[Records — start]

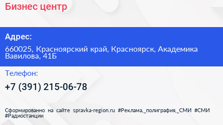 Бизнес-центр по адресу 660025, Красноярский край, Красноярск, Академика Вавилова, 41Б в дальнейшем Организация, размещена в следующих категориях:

[Records — finish]
[Records — start]

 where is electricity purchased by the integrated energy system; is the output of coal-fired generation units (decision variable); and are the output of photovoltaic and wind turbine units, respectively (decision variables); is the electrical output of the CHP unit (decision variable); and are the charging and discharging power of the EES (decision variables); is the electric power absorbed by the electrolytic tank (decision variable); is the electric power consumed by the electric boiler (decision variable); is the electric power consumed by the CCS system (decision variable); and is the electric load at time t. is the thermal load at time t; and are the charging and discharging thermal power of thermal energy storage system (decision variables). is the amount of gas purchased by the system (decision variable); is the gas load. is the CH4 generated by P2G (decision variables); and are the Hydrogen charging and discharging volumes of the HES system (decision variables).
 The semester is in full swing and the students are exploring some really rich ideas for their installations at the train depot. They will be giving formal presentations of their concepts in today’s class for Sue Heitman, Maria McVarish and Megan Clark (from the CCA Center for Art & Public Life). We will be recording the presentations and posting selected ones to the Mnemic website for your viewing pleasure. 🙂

[Records — finish]

— Goal of the exercise —
Return exactly, and only, the lines above starting at the line that contains "where is electricity" and ending at the line that contains "The semester is".

— Result of the exercise —
 where is electricity purchased by the integrated energy system; is the output of coal-fired generation units (decision variable); and are the output of photovoltaic and wind turbine units, respectively (decision variables); is the electrical output of the CHP unit (decision variable); and are the charging and discharging power of the EES (decision variables); is the electric power absorbed by the electrolytic tank (decision variable); is the electric power consumed by the electric boiler (decision variable); is the electric power consumed by the CCS system (decision variable); and is the electric load at time t. is the thermal load at time t; and are the charging and discharging thermal power of thermal energy storage system (decision variables). is the amount of gas purchased by the system (decision variable); is the gas load. is the CH4 generated by P2G (decision variables); and are the Hydrogen charging and discharging volumes of the HES system (decision variables).
 The semester is in full swing and the students are exploring some really rich ideas for their installations at the train depot. They will be giving formal presentations of their concepts in today’s class for Sue Heitman, Maria McVarish and Megan Clark (from the CCA Center for Art & Public Life). We will be recording the presentations and posting selected ones to the Mnemic website for your viewing pleasure. 🙂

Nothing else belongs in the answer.